A abertura da Copa do Mundo de 2026, realizada nessa quinta-feira (11), foi antecedida por uma série de denúncias envolvendo restrições migratórias, abordagens consideradas discriminatórias e dificuldades enfrentadas por delegações e torcedores estrangeiros nos Estados Unidos, principal sede do torneio ao lado de México e Canadá.
As críticas ganharam força após declarações do presidente dos Estados Unidos, Donald Trump, que afirmou que o governo trabalha para garantir a entrada das “pessoas certas” no país durante a competição. A fala ocorreu em meio a relatos de vistos negados, longos processos de inspeção e interrogatórios direcionados principalmente a visitantes oriundos da África e do Oriente Médio.
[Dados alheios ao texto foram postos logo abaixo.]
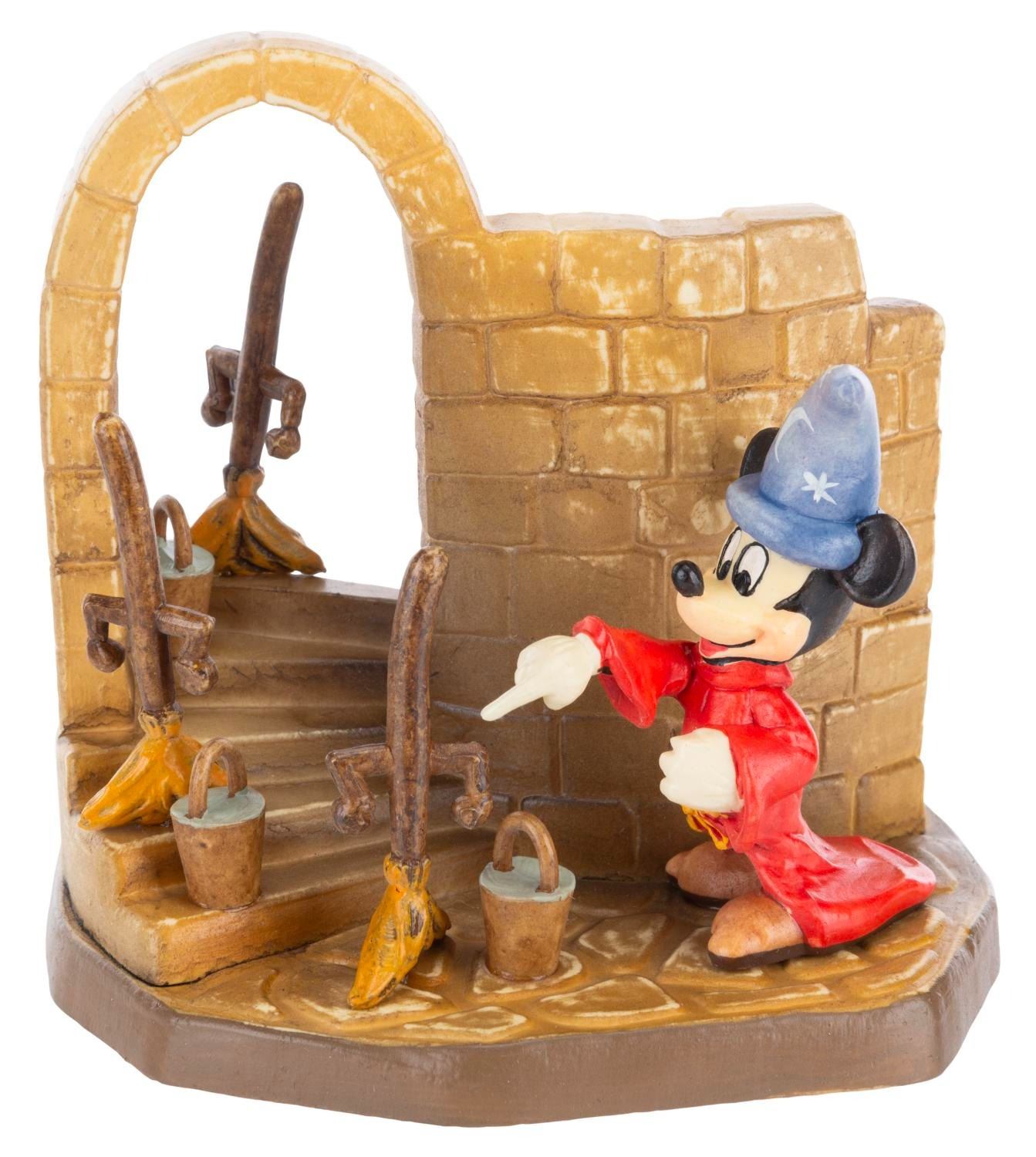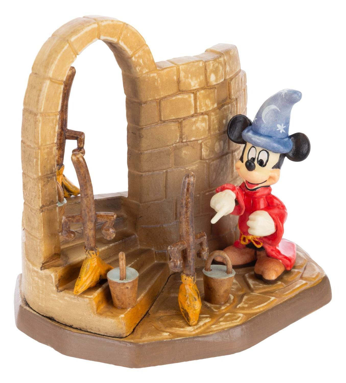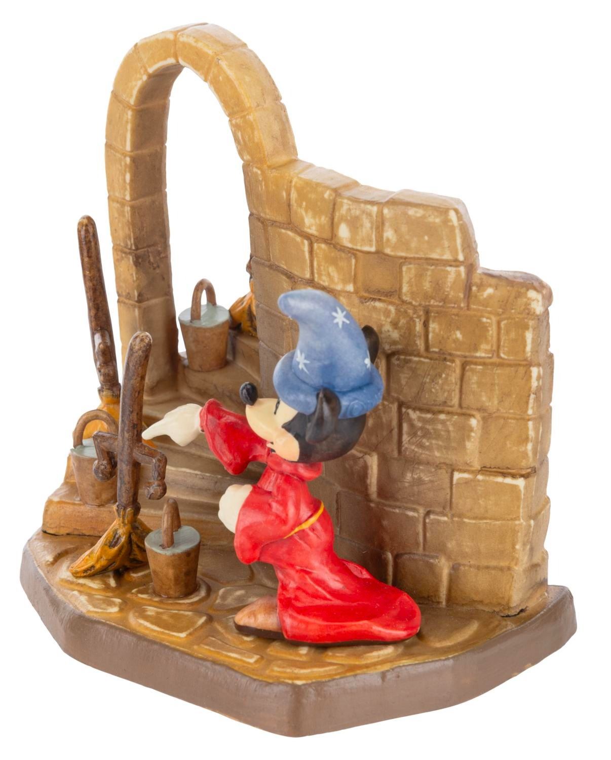 (Anri, 1960s-80s) A Toriart by Anri wooden handcrafted sculpture of Sorcerer Mickey from “Fantasia.” Released in a limited edition, the piece is numbered 61 of 2,500. Measuring 3.5” x 4.5” x 4.5” tall with its original 4” x 5.75” x 7” tall box, the piece is in fine condition.
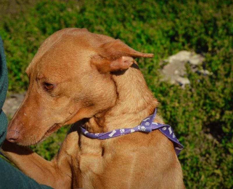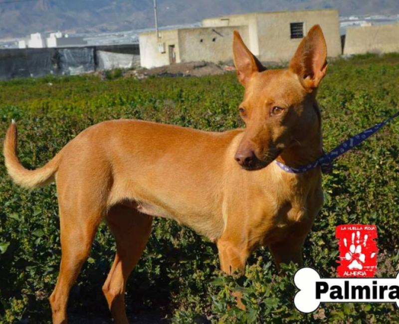 Palmira fue abandonada en el centro zoosanitario de Almería. Por su nombre anterior, deducimos que de manos de un cazador. Tenia un bulto en la glándula salival que ya ha sido operado.

Entre os casos relatados estão as revistas realizadas com integrantes das delegações de Senegal e Uzbequistão logo após o desembarque em aeroportos norte-americanos. Imagens compartilhadas nas redes sociais mostram atletas submetidos a inspeções com detectores de metal e cães farejadores ainda nas áreas de chegada.
A Federação de Futebol do Irã também protestou contra a retirada da cota de ingressos destinada a seus torcedores, medida que, segundo a entidade, contraria regras estabelecidas pela FIFA para a distribuição de entradas entre as seleções participantes.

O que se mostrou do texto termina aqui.